Lo dichiara il segretario generale della Fim Cisl Emilia Centrale Giorgio Uriti commentando il via libera del Parlamento europeo al divieto a partire dal 2035 di vendere auto a benzina, diesel e gpl. Tra 13 anni in Europa potranno essere vendute solo auto a emissioni zero al 100%, cioè elettriche.

«Riguardo all’emendamento che puntava alla riduzione dal 100% al 90% delle auto totalmente elettriche, – dice Uriti – si può comprendere che svolte epocali passino anche attraverso scelte forti e di rottura con il passato, ma non si può prescindere dalla salvaguardia del tessuto sociale e occupazionale.

Per fortuna il nostro territorio è stato tutelato dall’emendamento bipartisan, ribattezzato ‘salva Motor Valley’, che prolunga dal 2030 al 2036 la deroga alle regole Ue sugli standard di emissione della CO2 di cui già oggi beneficiano i produttori di nicchia.

In pratica – spiega il segretario dei metalmeccanici Cisl di Modena e Reggio – Ferrari, Maserati, Pagani, Lamborghini ecc. avranno più tempo per mettersi in regola, anche se hanno già cominciato a progettare supercar full-electric e siamo convinti che non si faranno trovare impreparate alla scadenza.

Ora, però, se vogliamo evitare contraccolpi gravissimi in termini di licenziamenti e la distruzione di un settore industriale fondamentale per il nostro Paese, il Governo deve rendere disponibili da subito per le imprese del settore gli 8 miliardi di euro stanziati con il fondo dell’automotive e insediare un apposito comitato scientifico che indirizzi le politiche di vantaggio nei settori strategici della mobilità del futuro.

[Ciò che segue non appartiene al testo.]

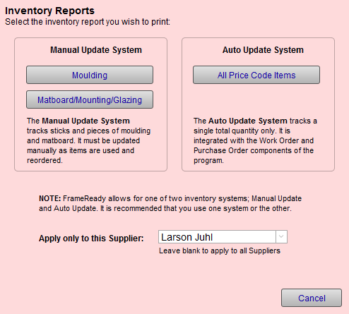 Knowing what you have in stock isn’t enough. Use the above report in conjunction with the best selling moulding report, Moulding and Matboard Usage Report, to see which inventory isn’t moving. Print it for any date range and get the total footage or quantity sold, as well as listing the items actually sold in order of volume. See Printing the Moulding Usage by Supplier Report.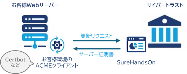 iTrust SSL/TLS サーバー証明書の証明書管理プラットフォームである SureHandsOn は、証明書の更新自動化に必要なウェブサーバーと認証局との間の相互作用の為の ACME プロトコルに対応しています。ACME に対応したクライアントソフトウェア(Certbot など)を利用することで、証明書の取得から更新までのプロセスを自動化することができます。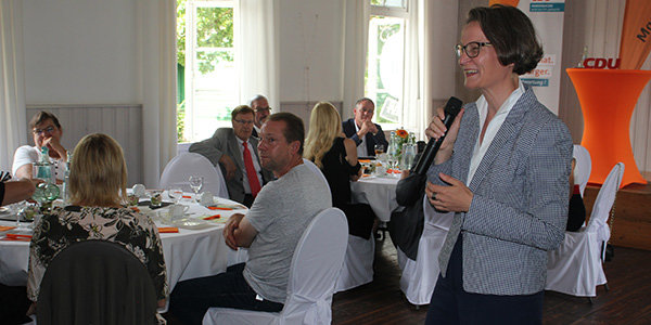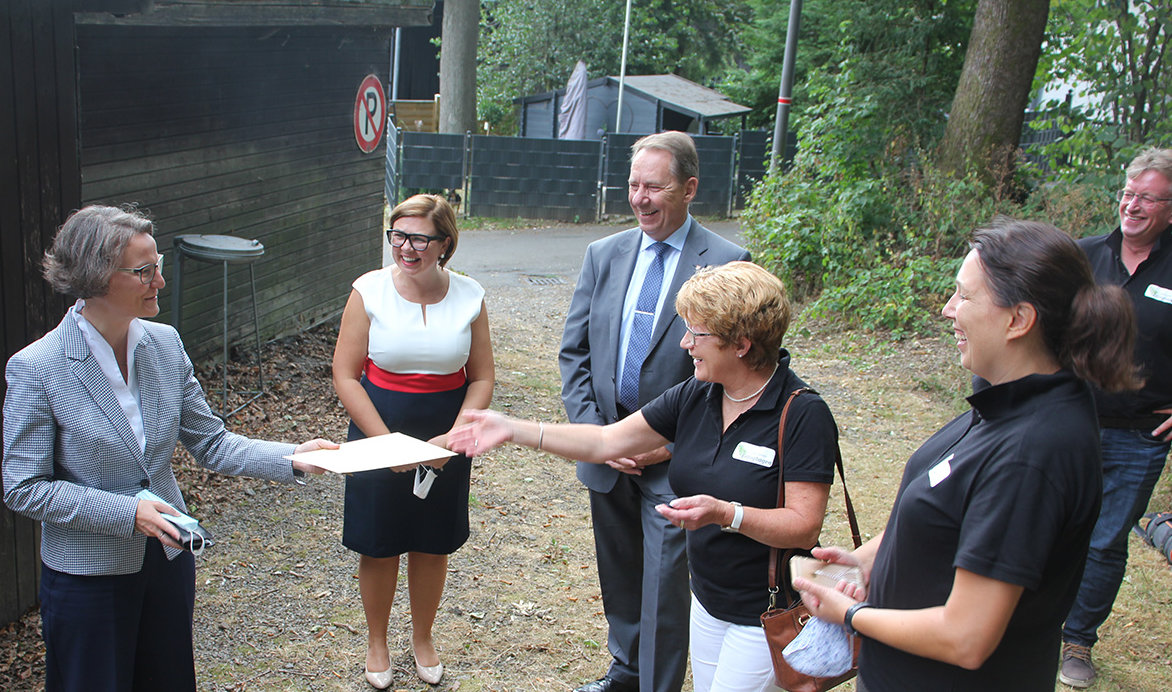 Marienheide – NRW-Heimatministerin Ina Scharrenbach (CDU) übergibt in Erlinghagen Förderbescheid für Bau eines neuen Dorfgemeinschaftshauses – Gespräch mit Ehrenamtlichen im Schlosshotel Gimborn.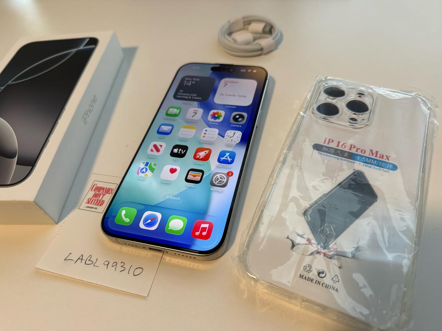 Please note: this iPhone 16 Pro Max does come with its box. It also comes with a complimentary new cable, already applied tampered screen protector, and a new clear case. Please see images for details.

Il 2035 è molto più vicino di quanto sembri, soprattutto se consideriamo la vera e propria rivoluzione che ci attende.

Ci preoccupano, infatti, – continua Uriti – le previsioni negative sul saldo occupazionale, compreso l’indotto, tra i posti di lavoro che andranno persi con l’addio ai motori tradizionali e quelli che saranno creati dall’avvento dei propulsori elettrici. Se è vera la stima di un posto creato per ogni due persi, è chiaro che non possiamo accettarlo.

Per questo dobbiamo partire subito con la formazione e riqualificazione dei lavoratori, nessuno dei quali deve essere lasciato indietro o sacrificato sull’altare della tutela ambientale.

La difesa del pianeta non può passare attraverso un bagno di sangue sociale.

Infine, può sembrare prematuro chiederselo oggi, ma quanto costeranno tra dodici anni le auto elettrice? Perché oggi costano troppo e può permettersele solo un’esigua minoranza di lavoratori. Perciò ci sarà bisogno sia di politiche commerciali diverse da parte delle case automobilistiche, sia di incentivi all’acquisto, come quelli recentemente deliberati dal Governo.

A condizione, però, – conclude il segretario generale della Fim Cisl Emilia Centrale – che non siano prosciugate risorse indispensabili ad accompagnare la fase di transizione».